2011 - An Emotional Year

I can't believe 2011 has come and gone.  Part of me is sad that my first full year as a mom is coming to a close however, there is a bigger part of me that is ready to tell this year "so long".

When I reflect back on 2011, my mind is filled with tests, medical procedures, worry, chemotherapy, a life saving bone marrow transplant, more worry, and even more medical procedures.  To say this has been the hardest year of my life would be an understatement. 

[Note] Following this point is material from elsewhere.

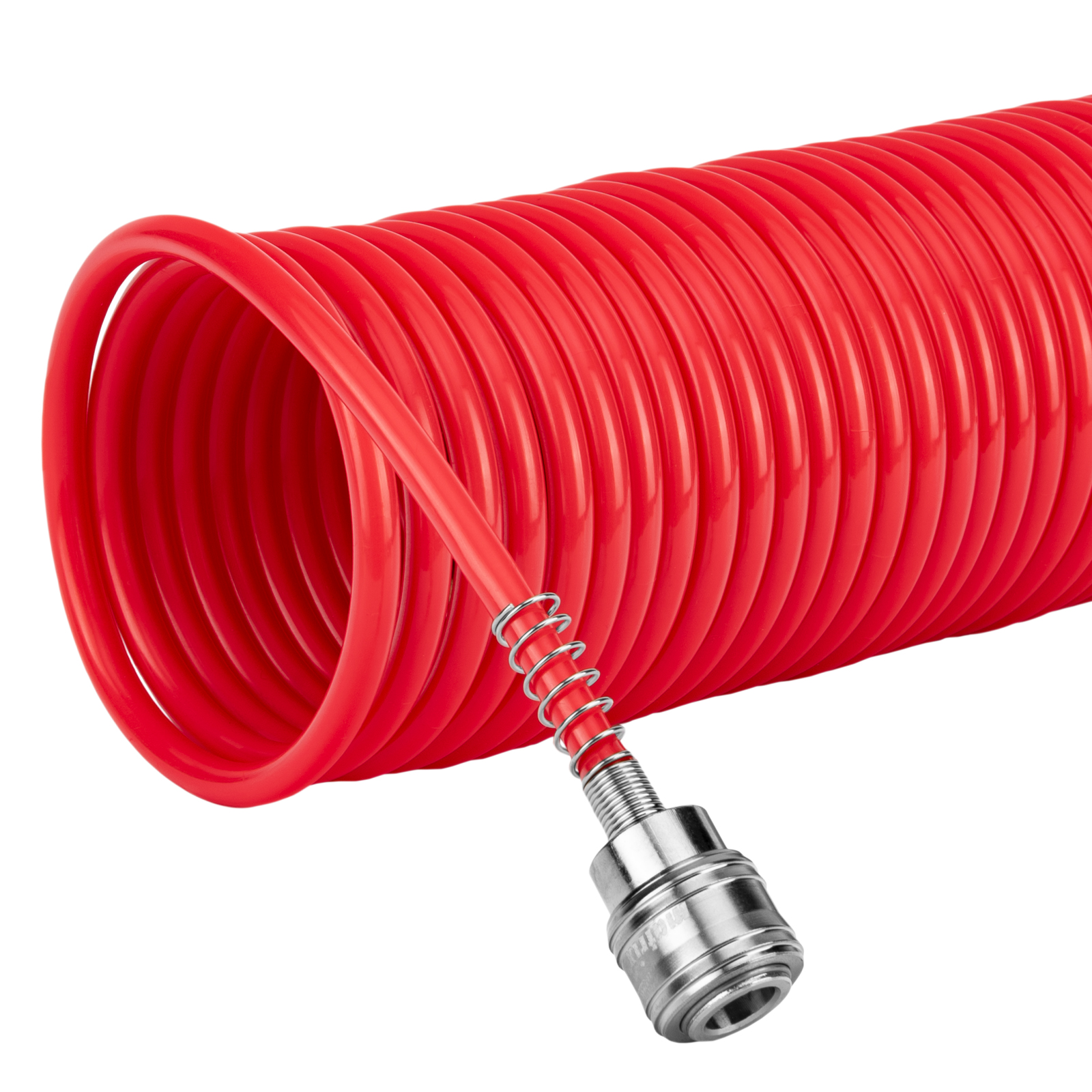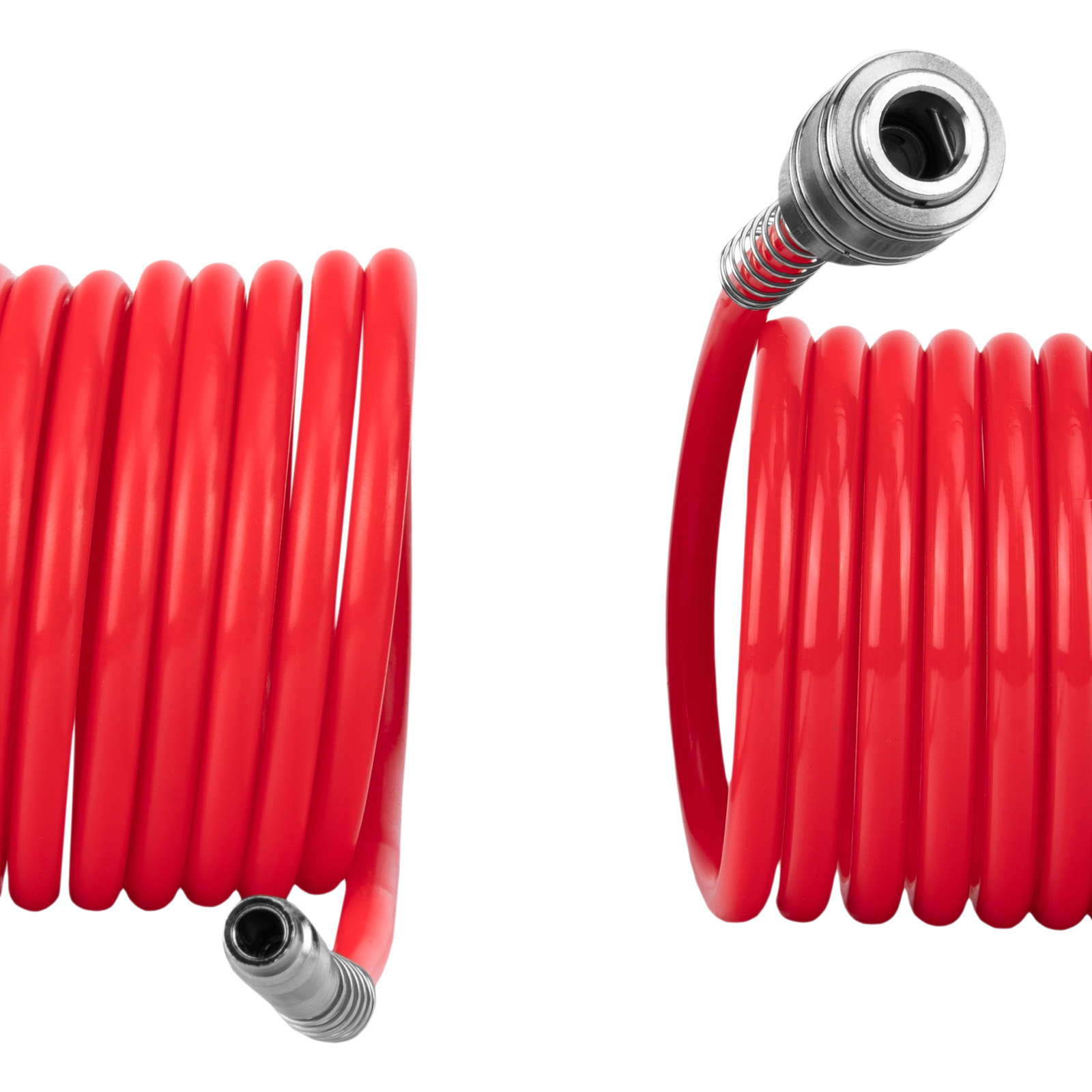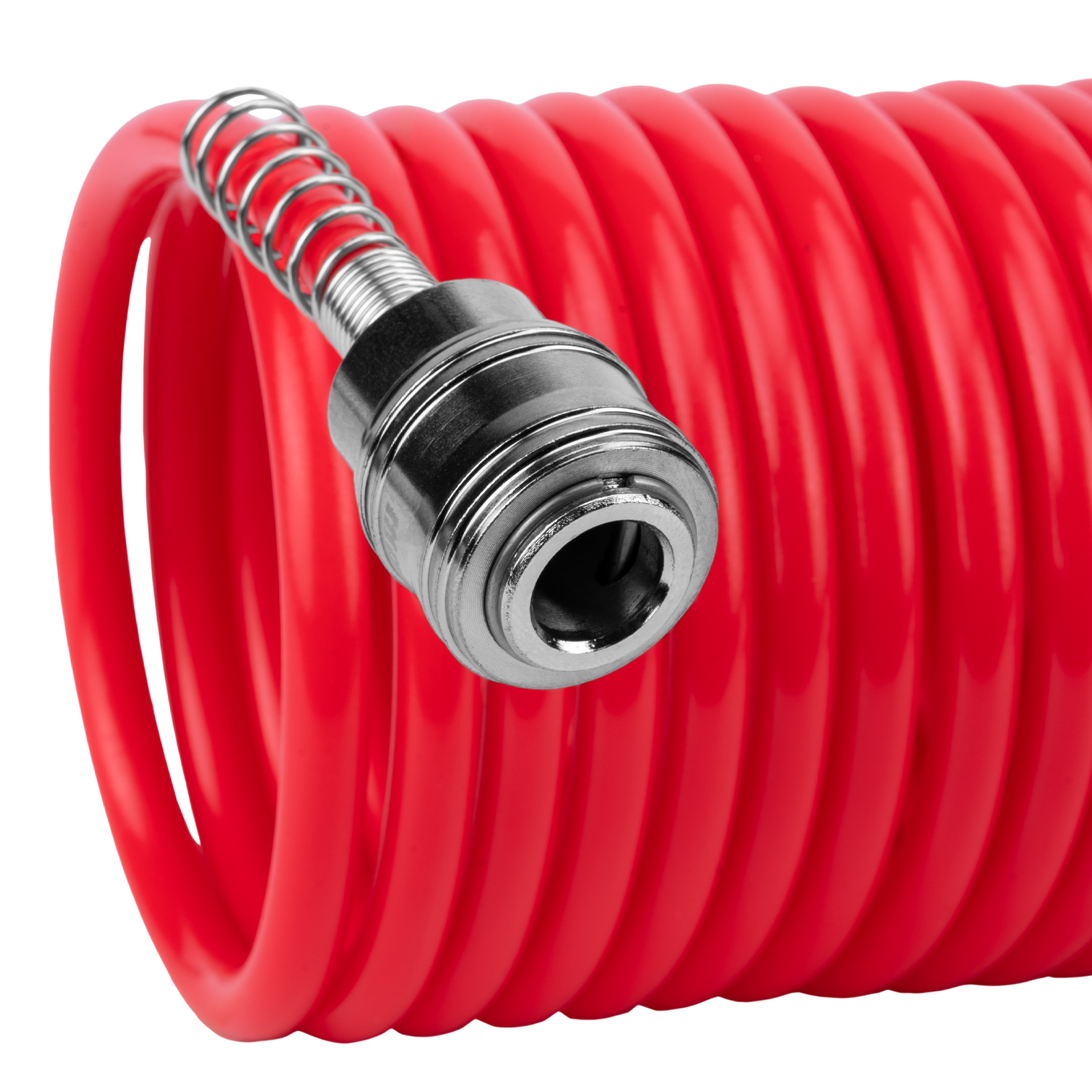 Спиральный воздушный шланг Matrix 57006 длиной 15 м, с быстросъемными соединениями, используется для подключения пневмоинструментов к компрессору. Изготовлен из легкого полиэтилена, за счет чего даже длительная работа не вызывает усталости. Имеет форму спирали, поэтому его не нужно скручивать после работы. Рукав пригодится в автосервисе, слесарной мастерской, а также во время отделочных работ.

Thankfully, we also made some incredible memories as we watched our 4 month old change and grow into a precious, curious 16 month old!  I find myself reflecting, and searching for blog posts to relive the year. 

So, here is a recap of our 2011!

We kicked the year off with a Bulldog bowl game win!  Kate was the cutest little bulldog and loved cheering for her team!  Kate learned how to sit up, attempted cereal for the first time, and made the transition to her nursery and crib after 5 months in our room!

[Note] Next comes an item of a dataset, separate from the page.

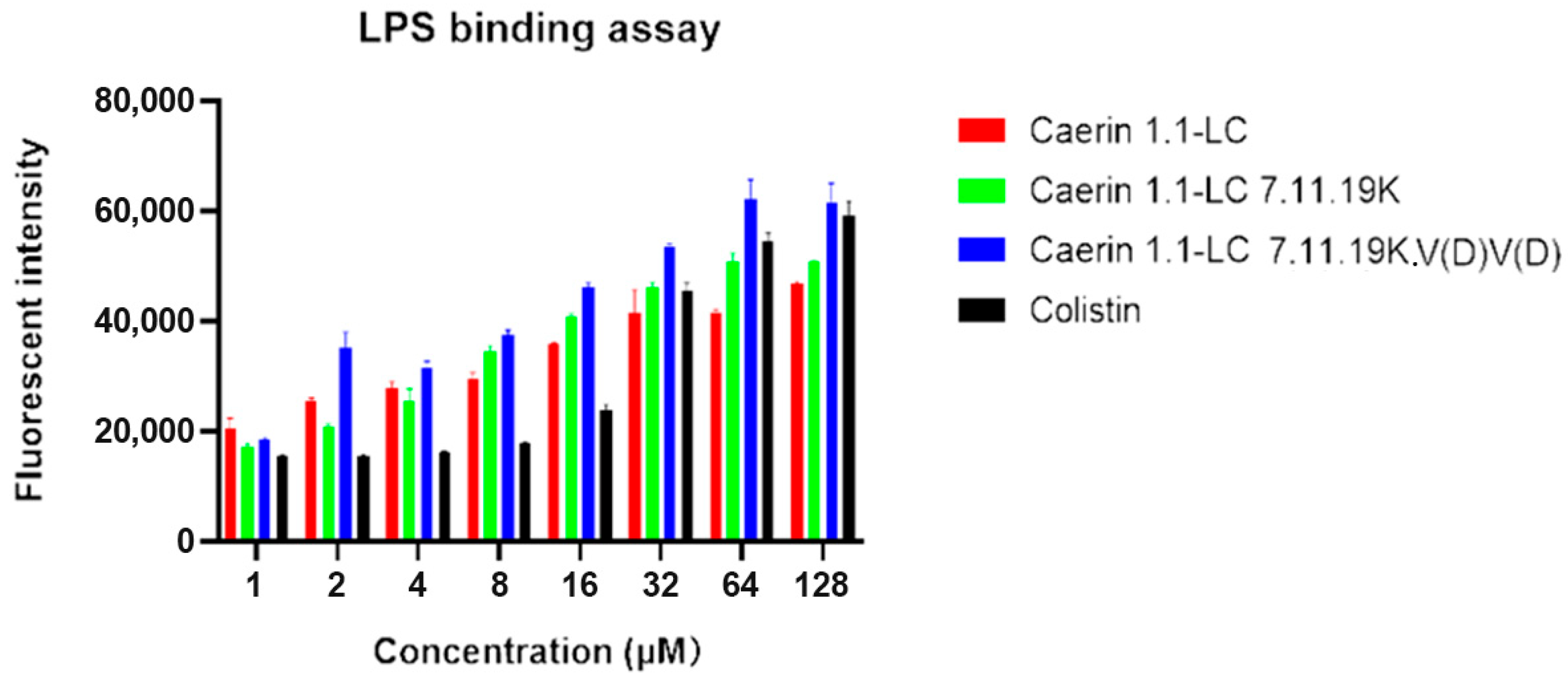 | Caerin 1.1-LC 11K.19K.PKAVP | 8/8 | 8/8 | 2/2 | 64/64 | >128 | 32/64 | 128/128 | >128 | >128 | 64/64 |

January also brought about Kate's first surgery to investigate her blood issues.  She had her first of several bone marrow biopsies.  Unfortunately, the biopsy in January did not really tell us anything and simply kicked off more testing.  I didn't blog about our journey to Kate's diagnosis but, the fact that we started our year in the OR was very telling to how hard, physically and emotionally, 2011 would be for our family.  I wrote a post about my feelings regarding my 4 month old being "put under" but never posted it.  I finally clicked post today as I really want my emotions and feelings regarding Kate's situation to be documented.  Reading that post shows just how naive Alex and I were.  I literally wrote "what if she has to go through horrible treatment to get better?" Clearly I had no clue what year would actually bring...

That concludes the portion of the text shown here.